Some of the key features of PHP 5 include:

  • The Zend Engine II with a new object model and dozens of new features.
  • XML support has been completely redone in PHP 5, all extensions are now focused around the excellent libxml2 library (http://www.xmlsoft.org/).
  • A new SimpleXML extension for easily accessing and manipulating XML as PHP objects. It can also interface with the DOM extension and vice-versa.
  • A brand new built-in SOAP extension for interoperability with Web Services.
  • A new MySQL extension named MySQLi for developers using MySQL 4.1 and later. This new extension includes an object-oriented interface in addition to a traditional interface; as well as support for many of MySQL's new features, such as prepared statements.
  • SQLite has been bundled with PHP. For more information on SQLite, please visit their website.
  • Streams have been greatly improved, including the ability to access low-level socket operations on streams.
  • And lots more...
  • changelog [php.net]



     9:51 pm on Jul 13, 2004 (gmt 0)

    I suppose I could update RC1 now on the test box...
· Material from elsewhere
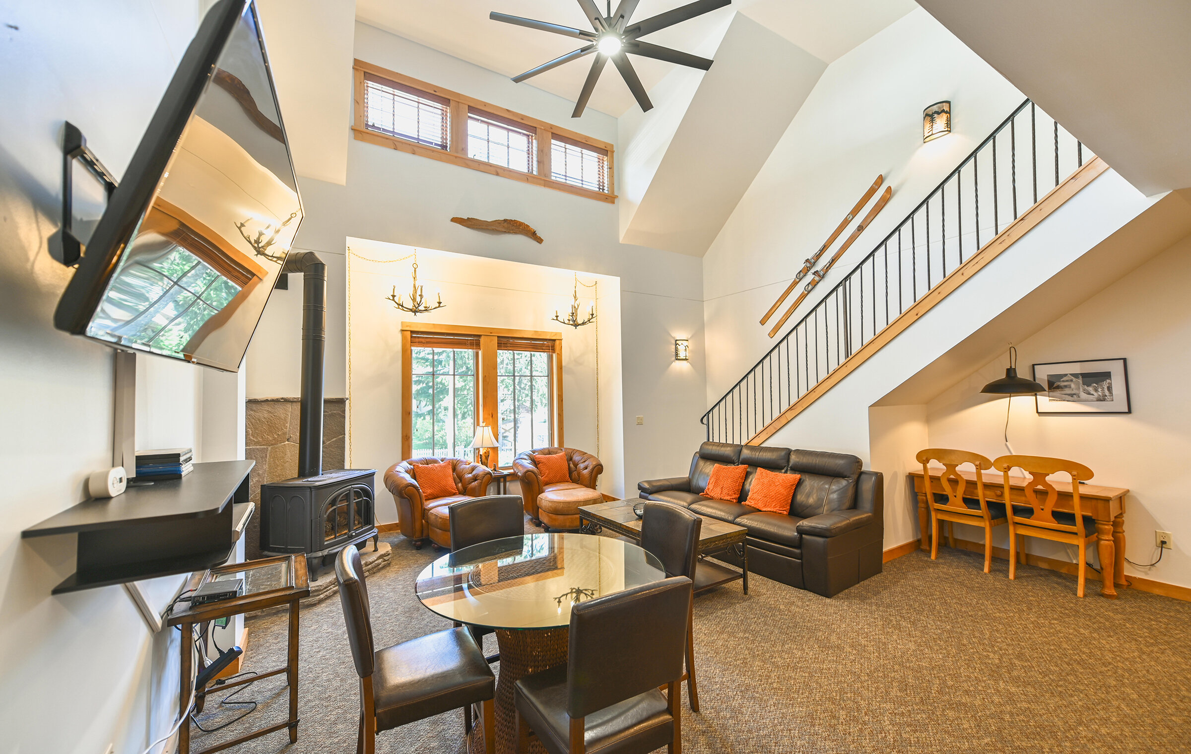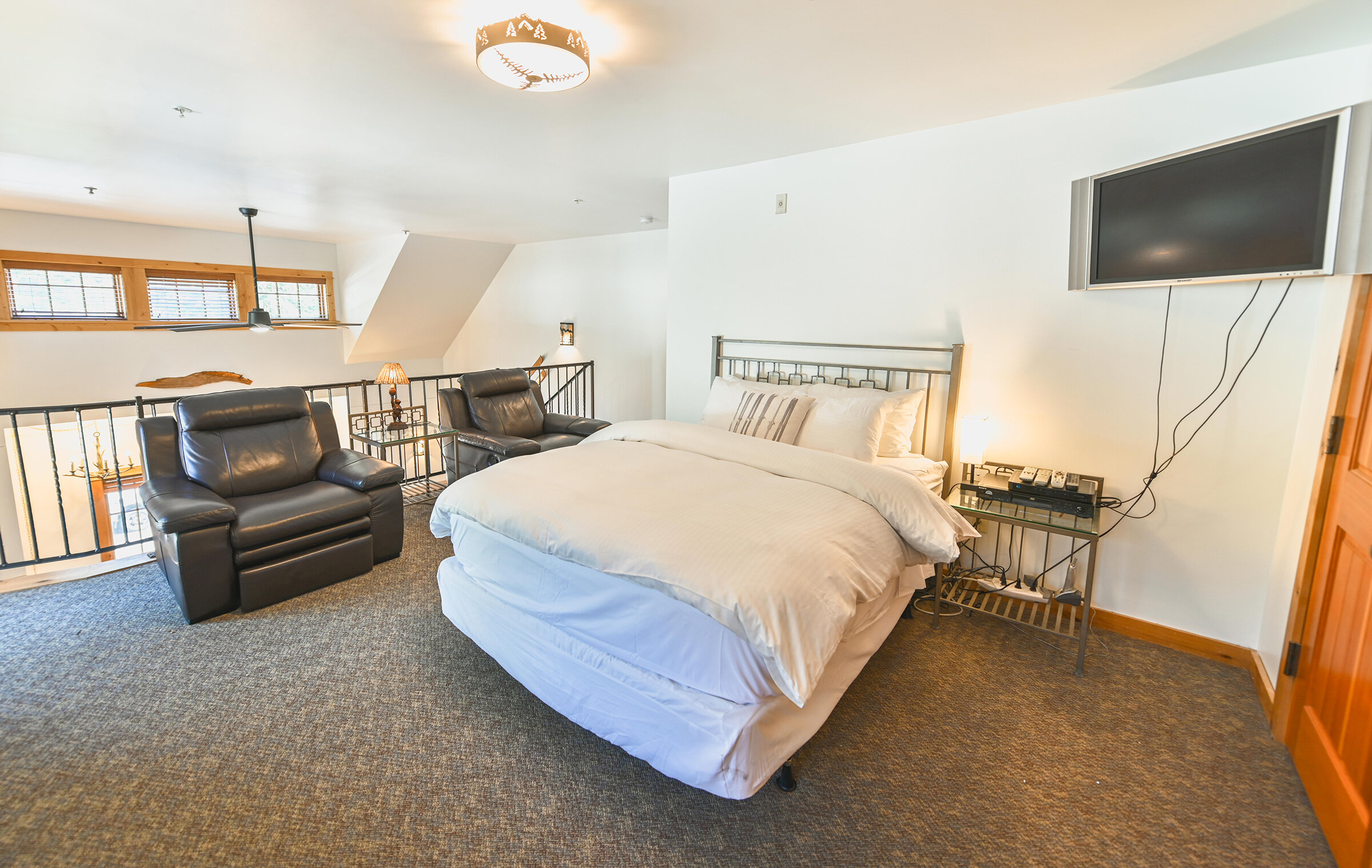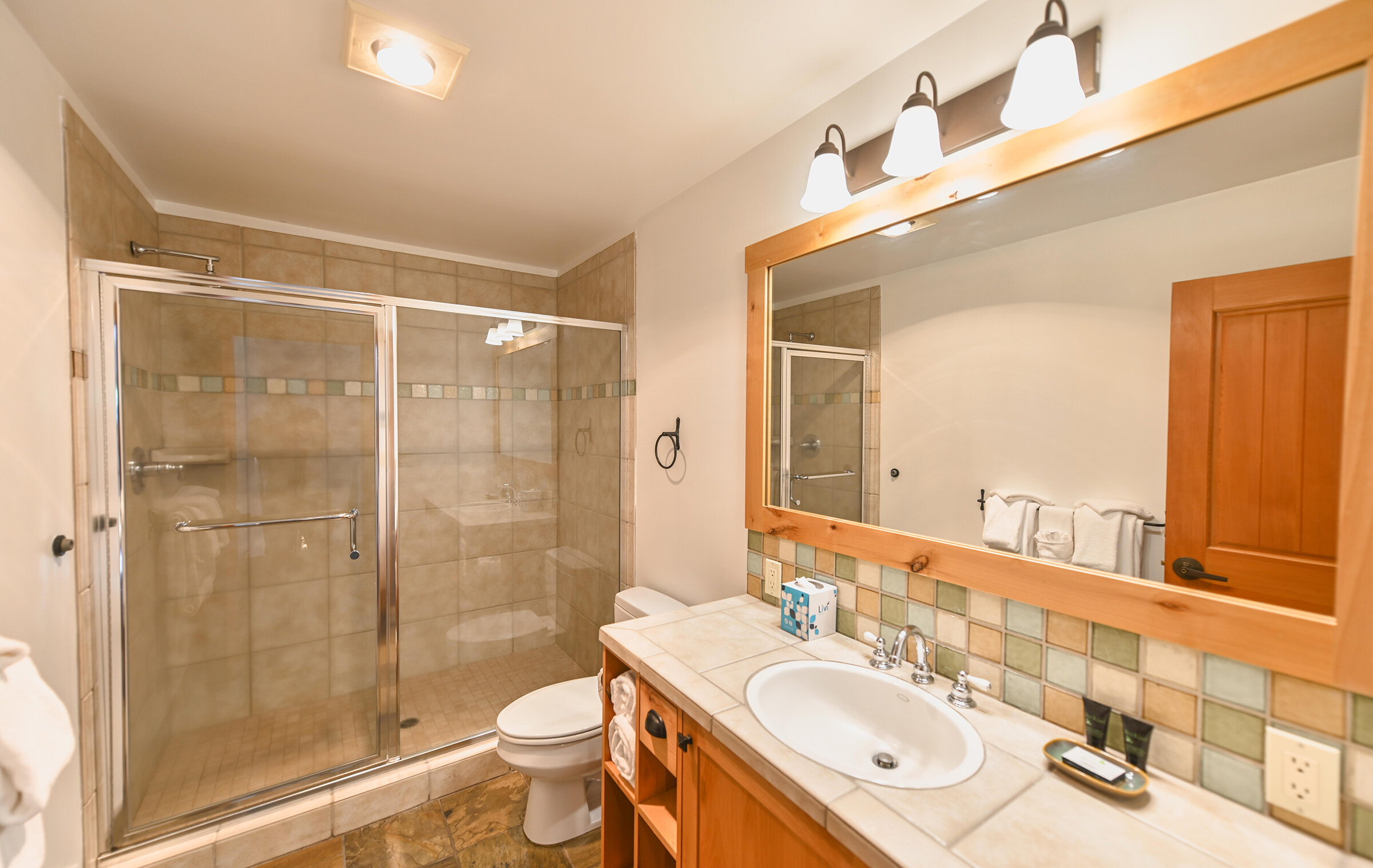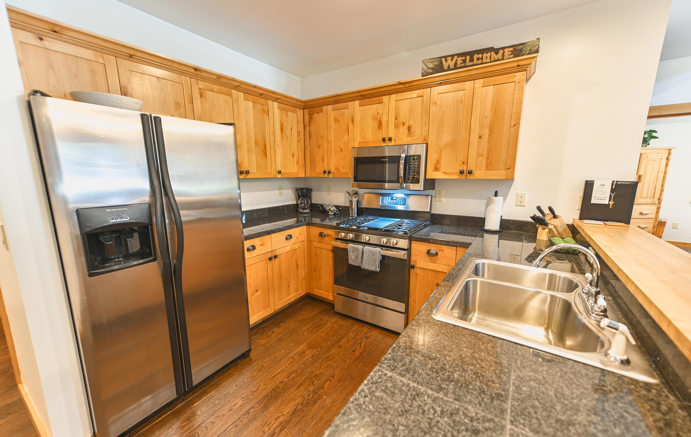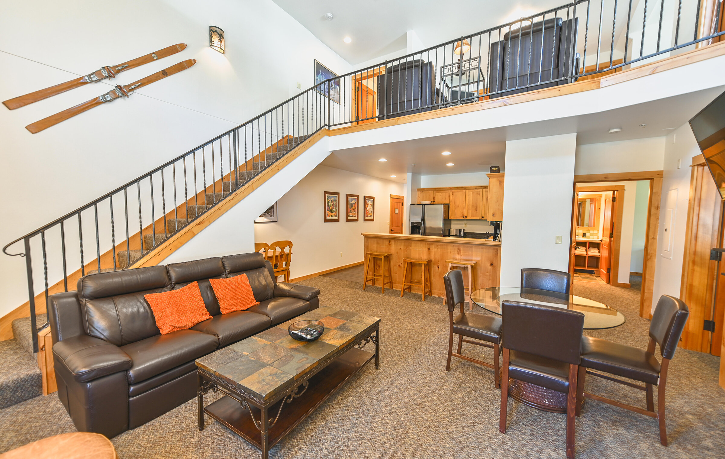 Spacious and inviting, Unit 8 offers the ambiance of a luxurious mountain cabin and the comforts of a boutique hotel suite. A comfy couch and fireplace with adjacent kitchen makes for the perfect space to entertain. Lodge-inspired design is featured throughout spacious Unit 8, with over-sized knotty pine furniture in the bedrooms.

     9:55 pm on Jul 13, 2004 (gmt 0)

    sounds like a plan ;)

    I have to run full regression on some software in a dev environment in a couple weeks then I guess. Sounds like a barrel of fun.


     2:24 am on Jul 14, 2004 (gmt 0)

    I haven't been keeping track of the PHP5 development at all. Is it 100% backward compatible with PHP4?


     2:40 am on Jul 14, 2004 (gmt 0)

    And how long before my webhosts upgrade? :(


     2:51 am on Jul 14, 2004 (gmt 0)

    Hopefully not to soon. I like to let other people be the fodder for .0 releases :)

    A big reason why I manage my own servers. I can be sure all apps work before I do an upgrade.



     4:10 am on Jul 14, 2004 (gmt 0)

    Is it possible to run PHP 4 and PHP 5 on the same machine at the same time using different extensions?


     5:23 am on Jul 14, 2004 (gmt 0)

    >> same machine at the same time using different extensions

    I wouldn't, sounds painful, different boxes, fine.

    >> And how long before my webhosts upgrade?

    1 - 5 yrs I would guess ;)

    >> Is it 100% backward compatible with PHP4?

    as far as I know it should be, I will tell you if I have any horror stories.


     5:37 am on Jul 14, 2004 (gmt 0)



     8:57 am on Jul 14, 2004 (gmt 0)

    PHP 4.3.8 has also been released.


     12:24 pm on Jul 14, 2004 (gmt 0)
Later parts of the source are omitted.